OXMIQのシミュレーションが示すHBFの境界、容量14倍でラック帯域は約6割
HBFはHBMの汎用代替より低頻度データ用の容量層に近く、MoEエキスパートや疎な長文脈には合い得るが、ハードとソフトは未成熟だ。
原題:Hot Chips 2026: High Bandwidth Flash promises massive bandwidth and capacity, but its usability is extremely limited — new memory format strikes a balance between HBM and NAND flash
OXMIQ LabsはHot Chips 2026で高帯域フラッシュの適用範囲を狭く示した。72基のGPUを使う推論ラックのシミュレーションでは、全HBF構成はHBM基準の約14倍の容量を得る一方、総帯域は約60%だった。HBFがHBMを広く置き換えるという結果ではなく、帯域より容量が先に制約になる一部の推論処理に合う可能性を示す。
HBFはNANDをアクセラレーター近くに積層し、UCIeで接続する。Tom's Hardwareが報じた3等級は256GB、384GB/sから最大512GB、3.072TB/sまで。SandiskとSK hynixはOCPでホスト接続、電気、信頼性、実装、読み書き指針を含む最初の仕様を公開した。標準化は進んだが、購入可能な量産システムがある証拠ではない。

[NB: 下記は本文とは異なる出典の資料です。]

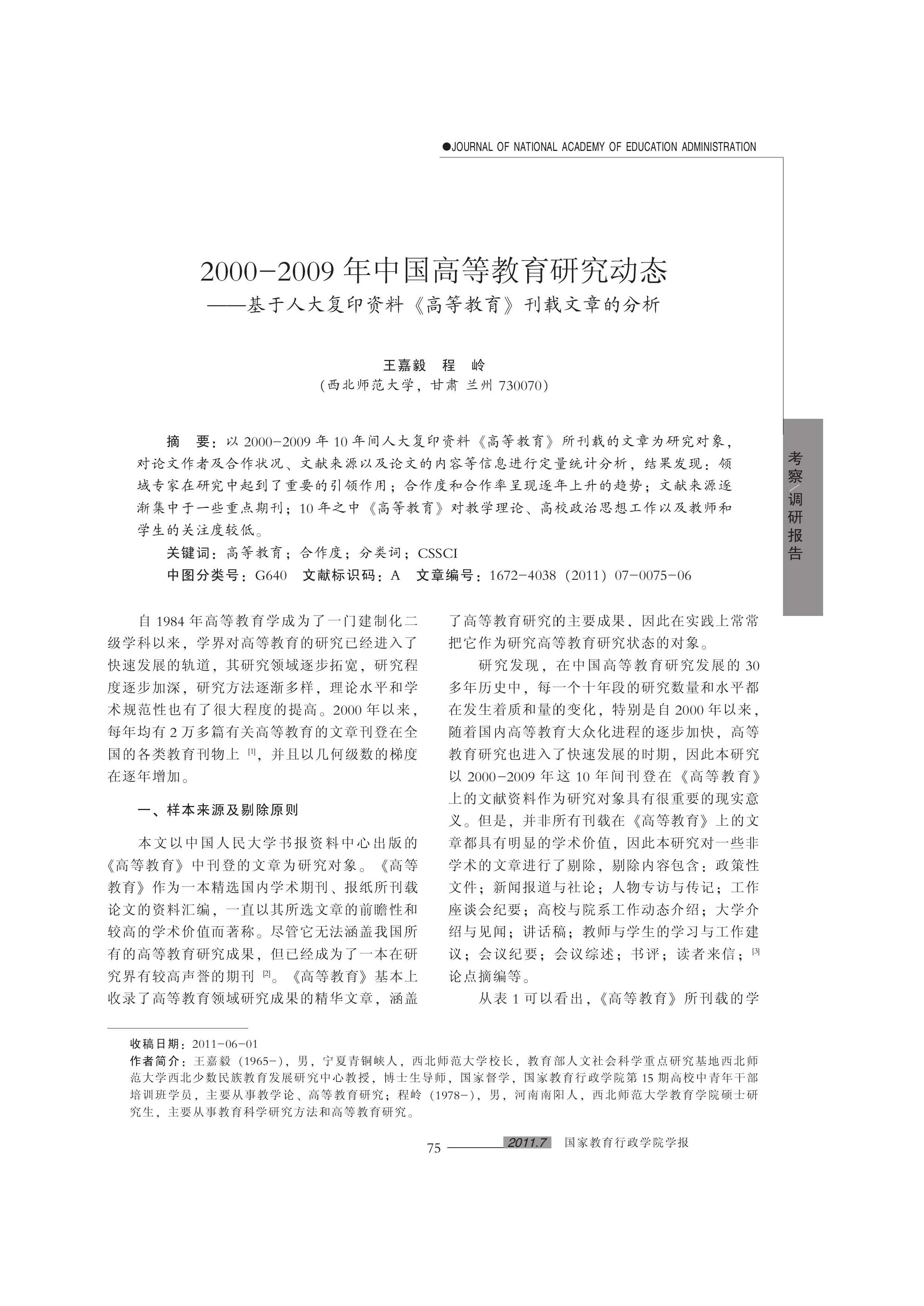 2000_2009年中国高等教育研究动态_基于人大复印资料_高等教育_刊载文章的(王嘉毅 程岭)
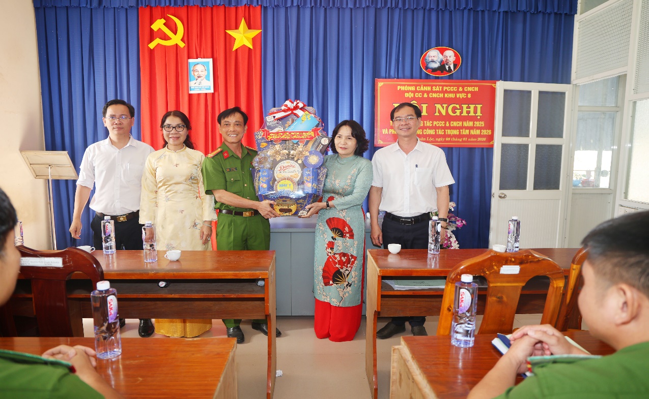 Đồng chí Nguyễn Thị Cát Tiên, Bí thư Đảng ủy, Chủ tịch HĐND xã chúc tết đơn vị Đội quản lý diện Xuân Lộc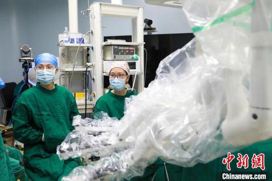 图为浙江省人民医院毕节医院开展5G超远程机器人援助腹腔镜下肾部分切除术。(医院供图)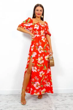 An utterly timeless addition to your wardrobe. One of our most iconic maxi dresses now comes in a baby pink chiffon fabric with a red abstract print, and we are totally loving it. Featuring that show stopping cut-out back, floaty over-laying sleeves, and that pleated bottom. In all red accessories and a matching lip, you’re set to go for your next big event.Â

OXMIQのモデルでは、HBFは参照頻度の低いMoEエキスパート重みや疎な長文脈KVキャッシュの一部を受け持ち、HBMは注意機構の重みとホットデータを保持する。小バッチでモデルが既存メモリープールに収まらない場合に容量が効く。バッチと処理量が増えれば帯域需要も増し、HBMが再び有利になる。ServeTheHomeも同じ講演を別に報じ、HBFを安価なHBMではなく容量層と位置付けた。
ソフトウェアも障壁だ。大きな転送単位、DMA、ランタイムによる配置管理、vLLMなどのHBF対応が要る。書き込み耐久性、読み書きの非対称性、熱制約があり、透明なDRAMとしては扱えない。結果は講演者のモデルとシミュレーションで、量産シリコンの第三者測定ではなく、供給時期も公表されていない。
アクセラレーター接続、フレームワークのスケジューリング、適合する処理が同時に成熟して初めて、HBFはNANDの近接計算容量層になり得る。短期にHBM需要を置き換える根拠はない。試作品、持続読み書き帯域、電力と耐久試験、アクセラレーター採用、フレームワーク対応、同一モデルの独立した費用・処理量比較を確認したい。